| WORK REQUIRED |
Taking the data below, please print only the lines from the line holding "明暗共110页美食外卖、送餐" to the line holding "Initial IDM-830 - Preferences;", inclusive, with pictures omitted.

| DATA PROVIDED |

--------------------------------------------------

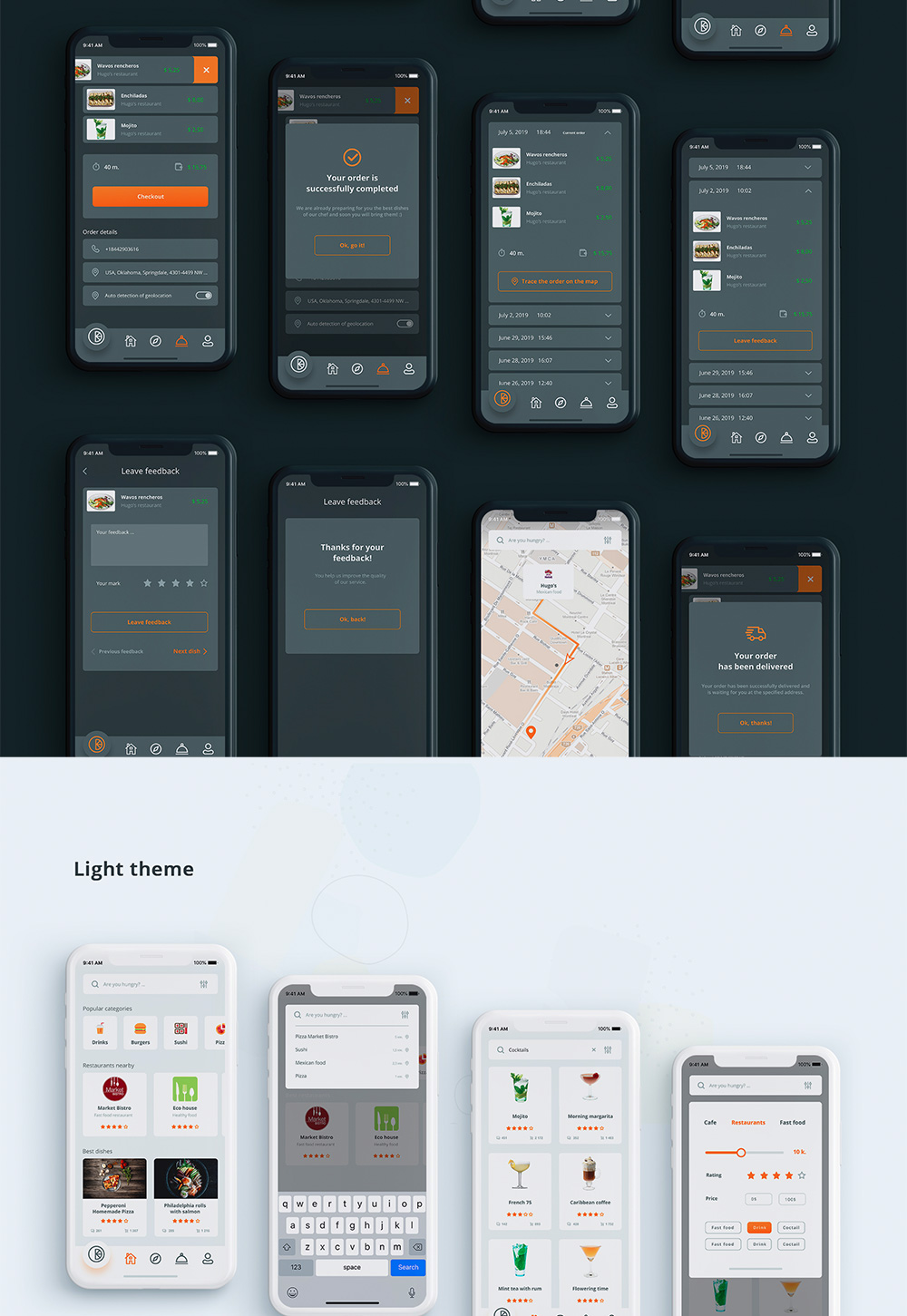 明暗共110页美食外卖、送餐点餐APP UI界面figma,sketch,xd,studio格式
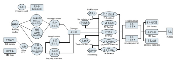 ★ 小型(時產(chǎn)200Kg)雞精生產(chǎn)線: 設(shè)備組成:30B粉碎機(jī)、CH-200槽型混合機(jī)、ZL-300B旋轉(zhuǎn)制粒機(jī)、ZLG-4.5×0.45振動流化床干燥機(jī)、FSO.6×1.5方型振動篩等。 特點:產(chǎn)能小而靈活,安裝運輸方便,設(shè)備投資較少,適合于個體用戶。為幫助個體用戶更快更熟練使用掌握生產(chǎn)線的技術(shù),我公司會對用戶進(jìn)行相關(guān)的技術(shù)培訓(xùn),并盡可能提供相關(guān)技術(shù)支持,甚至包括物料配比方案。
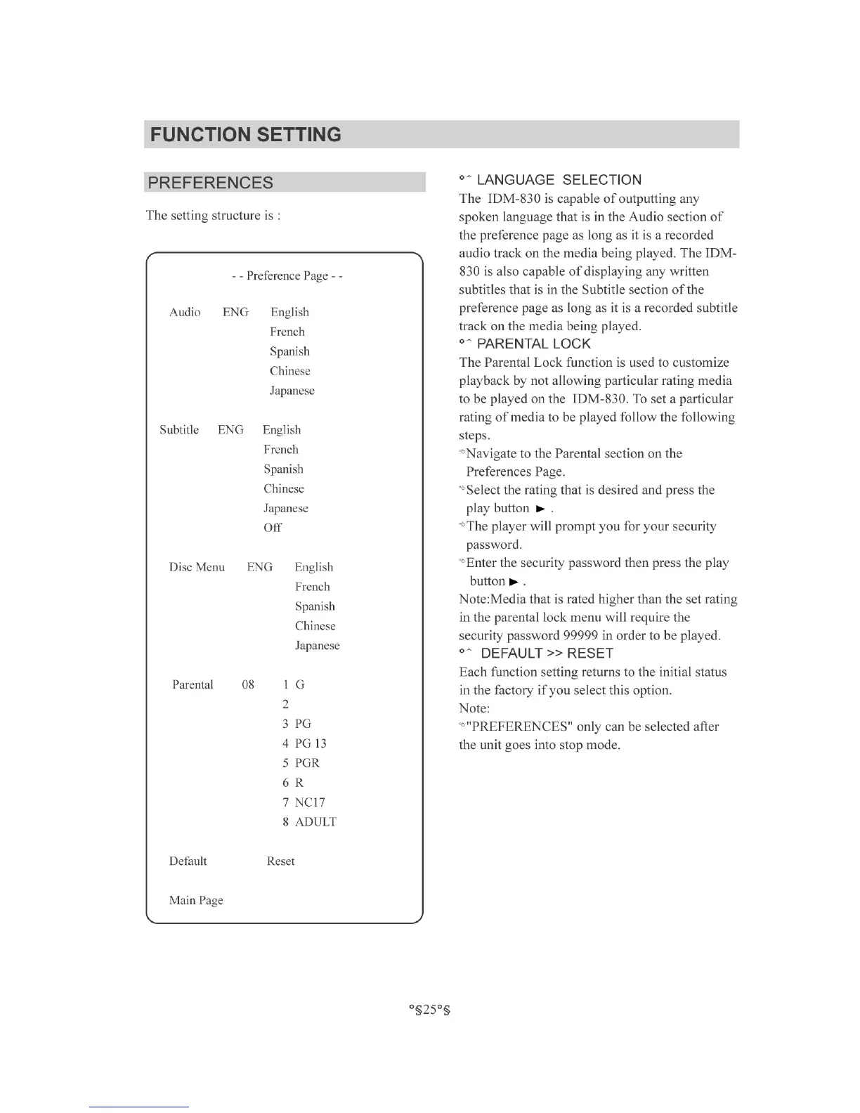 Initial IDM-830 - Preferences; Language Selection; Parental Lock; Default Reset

--------------------------------------------------

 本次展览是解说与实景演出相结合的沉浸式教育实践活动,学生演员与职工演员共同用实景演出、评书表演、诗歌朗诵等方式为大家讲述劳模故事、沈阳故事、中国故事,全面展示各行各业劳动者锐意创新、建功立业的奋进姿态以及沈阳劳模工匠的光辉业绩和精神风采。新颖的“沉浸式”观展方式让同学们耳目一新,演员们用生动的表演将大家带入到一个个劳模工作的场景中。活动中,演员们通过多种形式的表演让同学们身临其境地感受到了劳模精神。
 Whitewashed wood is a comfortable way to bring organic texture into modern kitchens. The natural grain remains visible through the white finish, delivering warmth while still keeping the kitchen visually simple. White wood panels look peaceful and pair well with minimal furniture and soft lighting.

--------------------------------------------------

| ANSWER BOX |
 明暗共110页美食外卖、送餐点餐APP UI界面figma,sketch,xd,studio格式
 ★ 小型(時產(chǎn)200Kg)雞精生產(chǎn)線: 設(shè)備組成:30B粉碎機(jī)、CH-200槽型混合機(jī)、ZL-300B旋轉(zhuǎn)制粒機(jī)、ZLG-4.5×0.45振動流化床干燥機(jī)、FSO.6×1.5方型振動篩等。 特點:產(chǎn)能小而靈活,安裝運輸方便,設(shè)備投資較少,適合于個體用戶。為幫助個體用戶更快更熟練使用掌握生產(chǎn)線的技術(shù),我公司會對用戶進(jìn)行相關(guān)的技術(shù)培訓(xùn),并盡可能提供相關(guān)技術(shù)支持,甚至包括物料配比方案。
 Initial IDM-830 - Preferences; Language Selection; Parental Lock; Default Reset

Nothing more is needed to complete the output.